- Nearly $20 billion in funding flowed into biotech companies developing cell-, gene- and tissue-based therapies last year, widely eclipsing the total invested in 2019 and ending up 50% higher than the previous record of $13.5 billion set in 2018.
- The numbers, compiled by the industry association Alliance for Regenerative Medicine in a report published Tuesday, reflect a fast-expanding sector that's drawing increased attention from venture capital backers, public company investors and large pharmaceutical companies.
- More than $5.5 billion of last year's investments came via venture capital financing for startups in the space, most notably the $700 million raised by cell therapy developer Sana Biotechnology ahead of its initial public offering last month. Nearly $10 billion came via IPOs and secondary stock offerings, and another $3 billion through upfront payments in partnerships and collaboration deals.
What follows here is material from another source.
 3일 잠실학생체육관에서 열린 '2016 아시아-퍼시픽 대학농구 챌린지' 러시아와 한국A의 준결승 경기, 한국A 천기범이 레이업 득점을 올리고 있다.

Biotech as a whole had a strong year in 2020. The Nasdaq Biotechnology index, which tracks the industry's stock market performance, rose by nearly 25%, recovering from a spring slump as COVID-19 became a pandemic to regain ground strongly.
Cell and gene therapy companies did even better, according to ARM, which calculated in its report stock performance that surpassed the broader NBI index.
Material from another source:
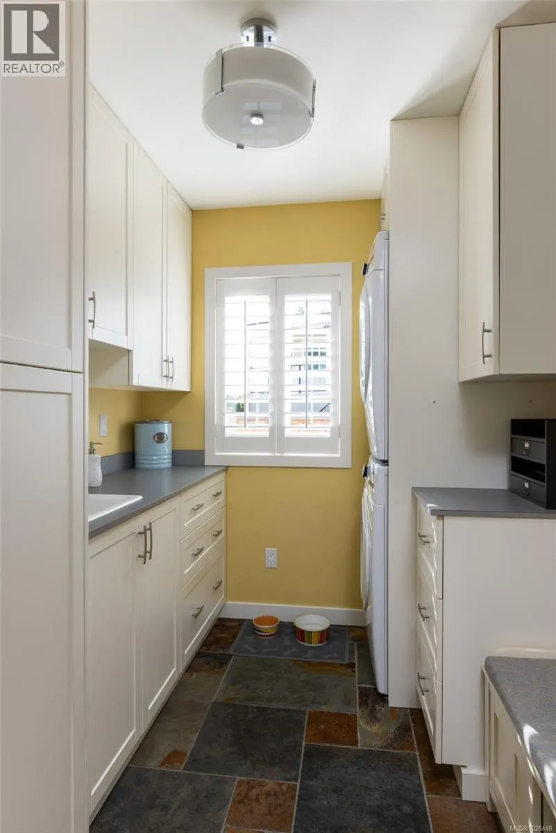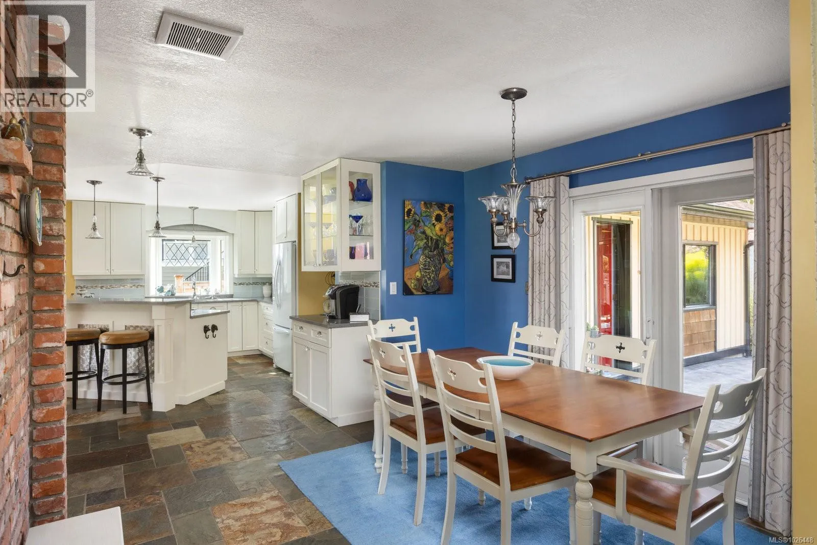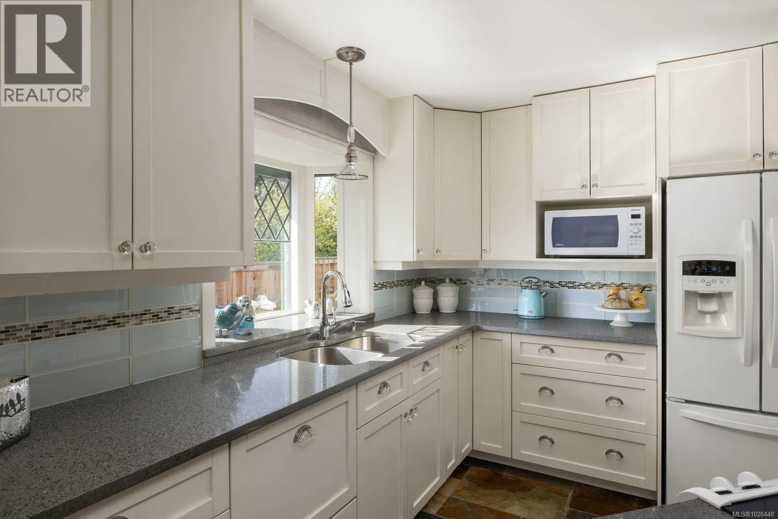 Tucked into the heart of Deep Cove, this exceptional property blends coastal charm with refined living. On over half an acre of sunny, south-facing land, itâs a peaceful retreat just steps from beach access and forested trails, perfectly balancing nature and lifestyle. The 1,504 sq ft rancher is beautifully finished with two elegant bathrooms, one with a free-standing soaker tub, the other with a built-in shower, heated slate floors, hardwood in the main areas, and a cosy propane fireplace. A dedicated office/den offers versatility, while the custom kitchen is a chefâs dream with quartz counters, custom cabinetry, a two-drawer dishwasher and under-mount lighting. French doors open to a private patio, framed with retractable screens for effortless indoor-outdoor flow. These are rooms you are going to love walking into! Other thoughtful touches include custom window coverings, a utility room with built-in cabinetry, and an attached garage with epoxy flooring, bump-out storage, and organised recycling. A beautifully renovated second building offers endless potential - guest suite, studio, or multigenerational living. It features a large bedroom with coffered ceiling and dual closets, an open living area with a pellet stove and storage, a kitchen with French doors, and a modern 3-piece bath. The oversized garage and workshop includes 10â ceilings, utility sink, keyless entry, and epoxy flooring. The yard is immaculately landscaped with raised veggie beds, metal and cedar fencing, arbours, an automated sprinkler system, and charming front and rear patios. Ample parking, a Sani-dump for your RV, and elegant curb lighting complete this rare offering. Every detail of this property speaks of comfort, craftsmanship, and West Coast serenity. Welcome to your coastal sanctuary in Deep Cove! (id:27476)

The regenerative medicine sector, which includes tissue-based treatments as well as cell- and gene-based medicines, got larger, too. ARM counted roughly 1,100 developers worldwide, up about 100 from 2019.
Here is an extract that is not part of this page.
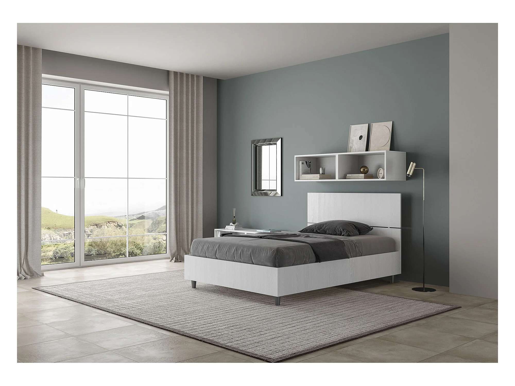 Queensize-Bett mit Container 120x190 geradem Kopfteil in weißer Esche Demas
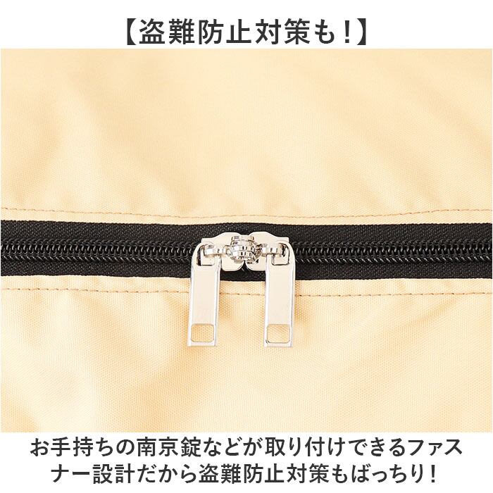 ・お手持ちの南京錠などが取り付けできるファスナー設計だから盗難防止対策もばっちり!

"The future is now," said Janet Lambert, ARM's CEO, in an interview. "It's not like we're waiting for there to be a big and meaningful cell and gene therapy sector. There is a big and meaningful cell and gene therapy sector."
Recently, however, some of the most advanced companies have run into regulatory roadblocks or revealed disappointing study results. Cancer cases reported in trials of two closely followed gene therapies have renewed safety concerns, even if it appears the experimental treatments have not played a causative role.
Setbacks are to be expected amid the sector's fast growth, said Lambert, who noted the roughly 150 late-stage studies now ongoing. Many of those programs likely won't succeed, given the usual rates of clinical trial failure in biotech.
Unlike in the past, however, the pipeline of cell and gene therapies is so broad, and the number of companies involved so high, that setbacks for any one program are less likely to slow the entire sector than in past decades. And while the Food and Drug Administration has not cleared any new gene therapies since landmark approvals for Roche's inherited blindness treatment Luxturna and Novartis's spinal muscular atrophy therapy Zolgensma, the agency recently OK'd new CAR-T cell therapies for types of lymphoma.
Across Europe, the U.S. and China, regulators are expected to decide on approvals for eight regenerative medicine therapies this year, according to ARM. In the U.S., cancer cell therapies from Bristol Myers Squibb and Johnson & Johnson could reach market, as well as a tissue-based treatment from Mallinckrodt for severe burns.
Developers and regulators are also learning quickly, particularly in areas like manufacturing and quality control.
"One of the important things we need to work on is how best to regulate the [chemistry, manufacturing and control] aspects of cell and gene therapy," said Lambert.
"It's clearly a place we've struggled," she added, noting recent disagreements between the FDA and developers over CMC issues like testing assays.
ARM members are hoping to have more conversations with the agency earlier, Lambert said, although the FDA division in charge of cell and gene therapies has been stretched thin. In comments to the agency, ARM has advocated for the division to receive more resources and staff in renegotiations for the next FDA user fee agreement that will start in 2023.